### Task statement
Pictures are to be dropped from the copy. Retype the listing exactly.

### Data section
┌──

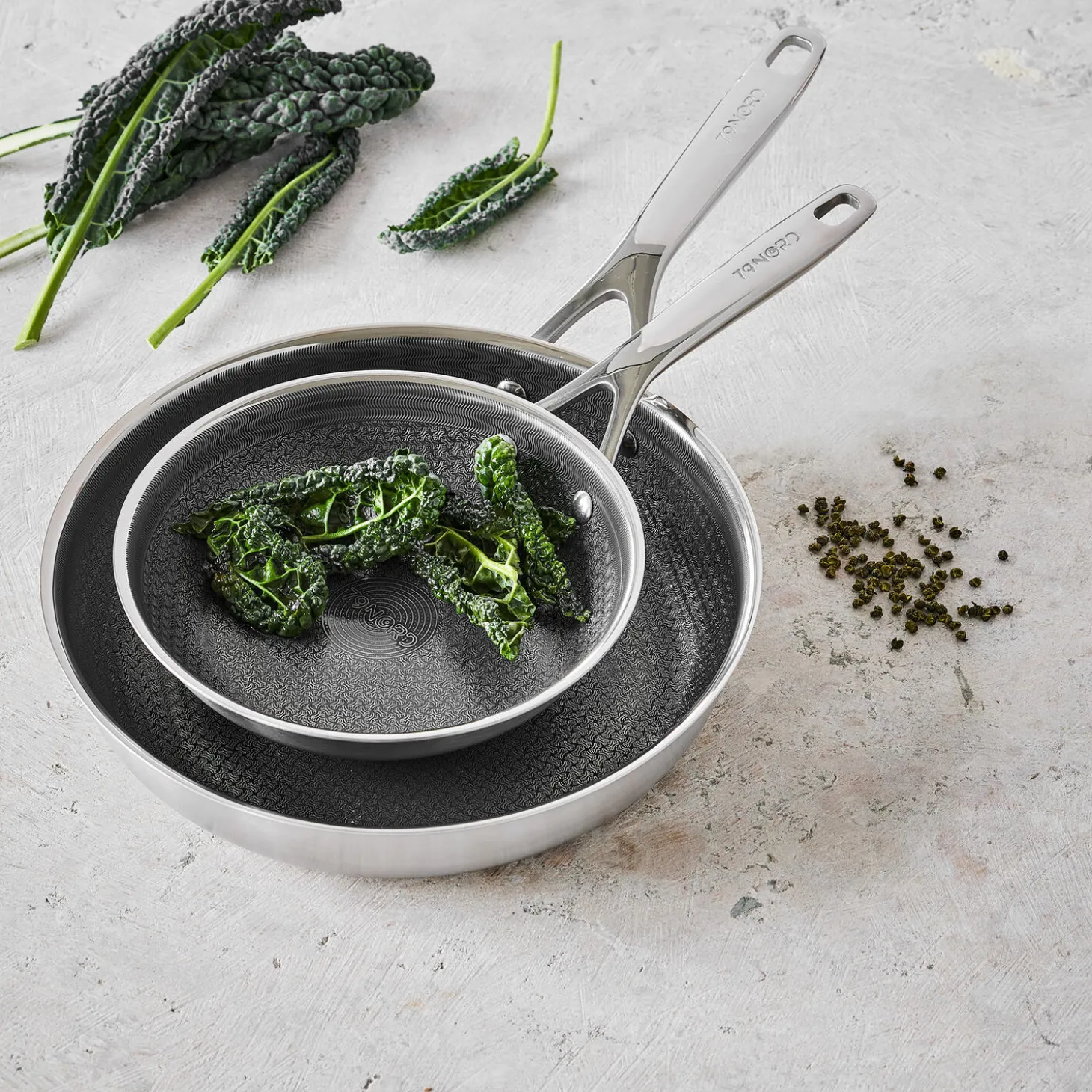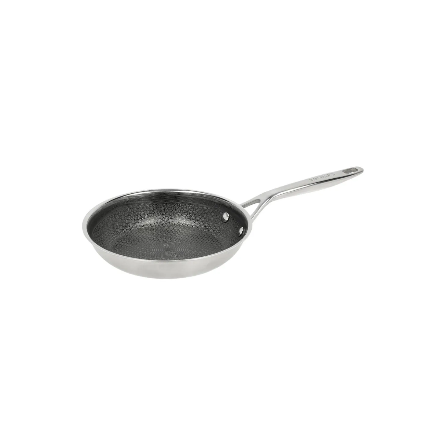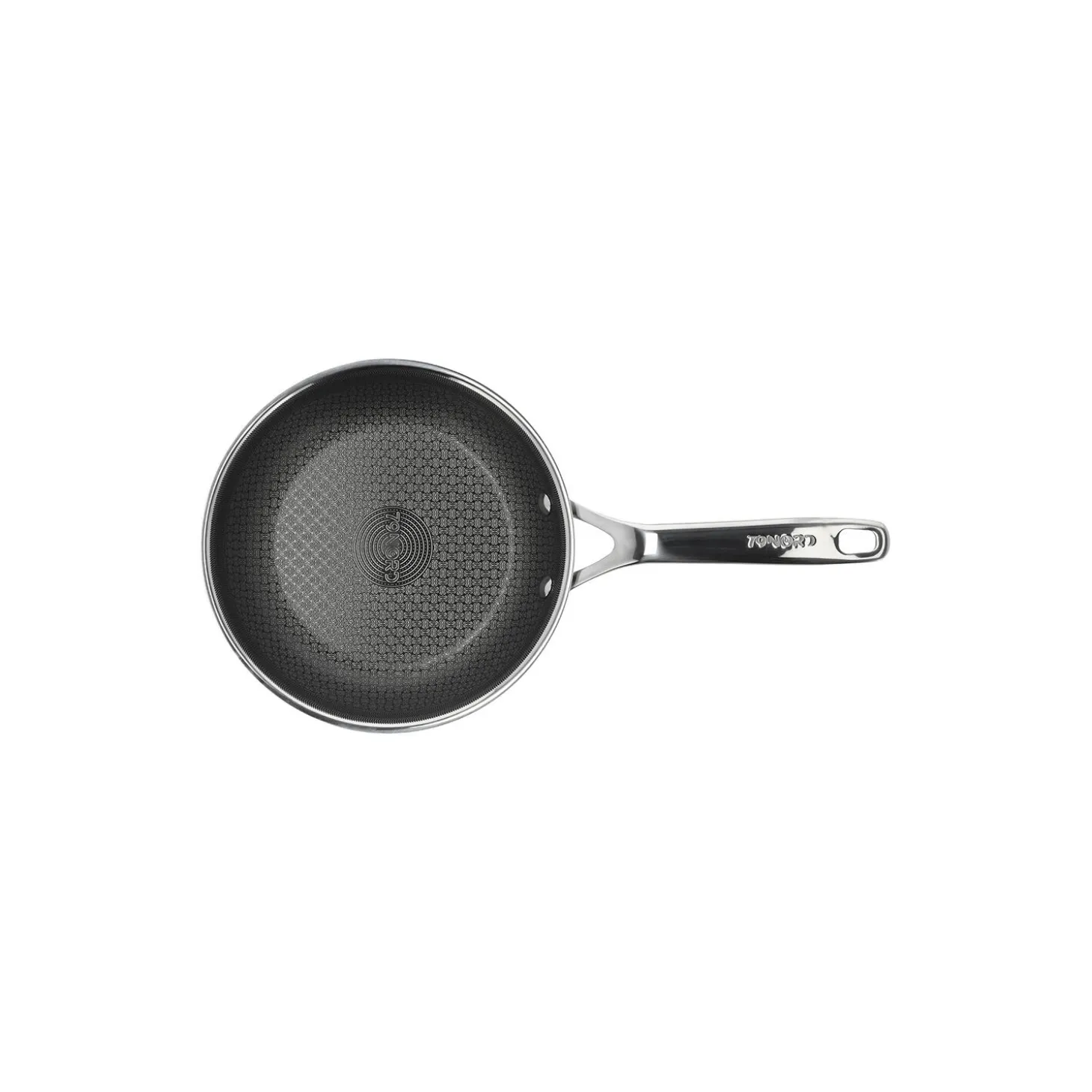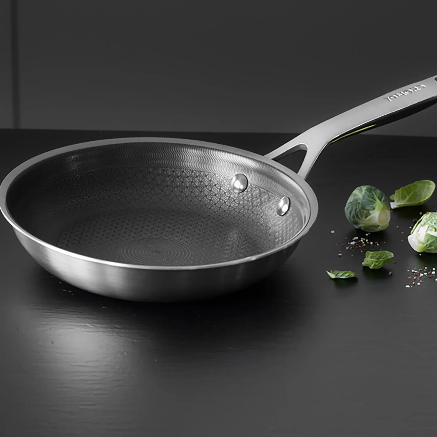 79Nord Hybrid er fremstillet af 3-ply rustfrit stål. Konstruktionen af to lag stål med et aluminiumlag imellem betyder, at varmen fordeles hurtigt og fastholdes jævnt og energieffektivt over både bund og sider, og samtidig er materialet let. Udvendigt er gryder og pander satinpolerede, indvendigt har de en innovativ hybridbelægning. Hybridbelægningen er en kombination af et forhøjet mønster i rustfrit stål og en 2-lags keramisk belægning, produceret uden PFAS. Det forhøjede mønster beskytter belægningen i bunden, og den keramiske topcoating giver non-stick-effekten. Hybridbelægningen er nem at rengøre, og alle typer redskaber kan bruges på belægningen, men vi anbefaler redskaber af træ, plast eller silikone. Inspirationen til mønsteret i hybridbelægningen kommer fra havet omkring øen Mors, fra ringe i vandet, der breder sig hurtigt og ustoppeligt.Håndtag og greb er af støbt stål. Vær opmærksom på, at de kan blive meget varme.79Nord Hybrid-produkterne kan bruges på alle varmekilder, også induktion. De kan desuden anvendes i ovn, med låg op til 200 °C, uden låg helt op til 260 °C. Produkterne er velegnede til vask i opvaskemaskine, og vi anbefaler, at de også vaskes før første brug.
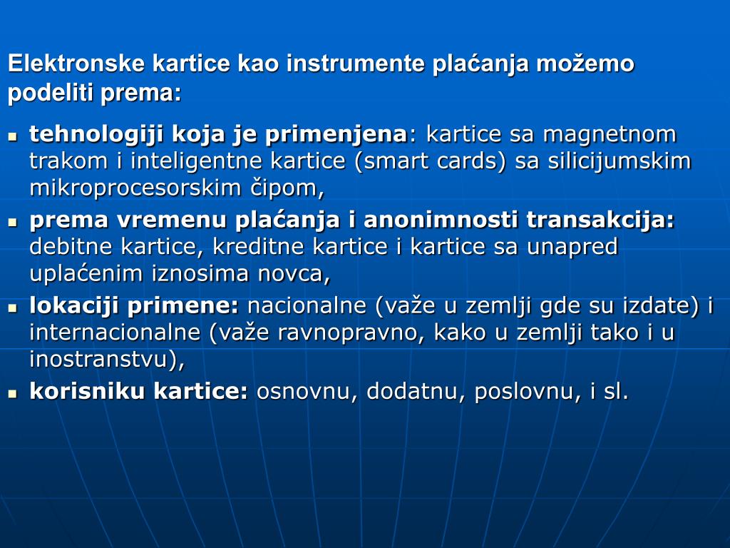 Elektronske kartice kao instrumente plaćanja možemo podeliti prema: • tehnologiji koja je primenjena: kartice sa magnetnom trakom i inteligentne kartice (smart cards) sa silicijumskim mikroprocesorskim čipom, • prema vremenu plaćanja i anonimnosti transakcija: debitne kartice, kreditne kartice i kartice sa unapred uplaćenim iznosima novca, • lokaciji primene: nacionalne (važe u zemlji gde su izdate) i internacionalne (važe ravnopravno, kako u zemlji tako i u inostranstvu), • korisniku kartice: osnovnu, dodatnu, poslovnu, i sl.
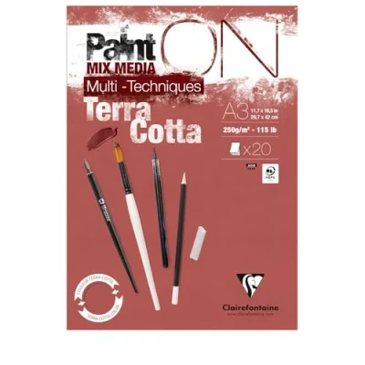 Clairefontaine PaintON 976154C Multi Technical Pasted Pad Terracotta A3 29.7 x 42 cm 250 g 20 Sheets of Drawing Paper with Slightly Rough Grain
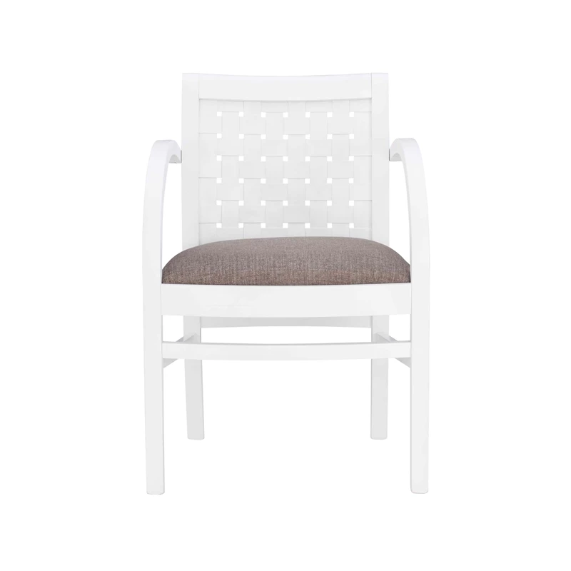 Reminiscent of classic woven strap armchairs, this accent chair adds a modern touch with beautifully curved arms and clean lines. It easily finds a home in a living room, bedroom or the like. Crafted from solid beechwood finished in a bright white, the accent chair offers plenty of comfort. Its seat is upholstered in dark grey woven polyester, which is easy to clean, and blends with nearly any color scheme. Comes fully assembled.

└──

### Expected answer
 79Nord Hybrid er fremstillet af 3-ply rustfrit stål. Konstruktionen af to lag stål med et aluminiumlag imellem betyder, at varmen fordeles hurtigt og fastholdes jævnt og energieffektivt over både bund og sider, og samtidig er materialet let. Udvendigt er gryder og pander satinpolerede, indvendigt har de en innovativ hybridbelægning. Hybridbelægningen er en kombination af et forhøjet mønster i rustfrit stål og en 2-lags keramisk belægning, produceret uden PFAS. Det forhøjede mønster beskytter belægningen i bunden, og den keramiske topcoating giver non-stick-effekten. Hybridbelægningen er nem at rengøre, og alle typer redskaber kan bruges på belægningen, men vi anbefaler redskaber af træ, plast eller silikone. Inspirationen til mønsteret i hybridbelægningen kommer fra havet omkring øen Mors, fra ringe i vandet, der breder sig hurtigt og ustoppeligt.Håndtag og greb er af støbt stål. Vær opmærksom på, at de kan blive meget varme.79Nord Hybrid-produkterne kan bruges på alle varmekilder, også induktion. De kan desuden anvendes i ovn, med låg op til 200 °C, uden låg helt op til 260 °C. Produkterne er velegnede til vask i opvaskemaskine, og vi anbefaler, at de også vaskes før første brug.
 Elektronske kartice kao instrumente plaćanja možemo podeliti prema: • tehnologiji koja je primenjena: kartice sa magnetnom trakom i inteligentne kartice (smart cards) sa silicijumskim mikroprocesorskim čipom, • prema vremenu plaćanja i anonimnosti transakcija: debitne kartice, kreditne kartice i kartice sa unapred uplaćenim iznosima novca, • lokaciji primene: nacionalne (važe u zemlji gde su izdate) i internacionalne (važe ravnopravno, kako u zemlji tako i u inostranstvu), • korisniku kartice: osnovnu, dodatnu, poslovnu, i sl.
 Clairefontaine PaintON 976154C Multi Technical Pasted Pad Terracotta A3 29.7 x 42 cm 250 g 20 Sheets of Drawing Paper with Slightly Rough Grain
 Reminiscent of classic woven strap armchairs, this accent chair adds a modern touch with beautifully curved arms and clean lines. It easily finds a home in a living room, bedroom or the like. Crafted from solid beechwood finished in a bright white, the accent chair offers plenty of comfort. Its seat is upholstered in dark grey woven polyester, which is easy to clean, and blends with nearly any color scheme. Comes fully assembled.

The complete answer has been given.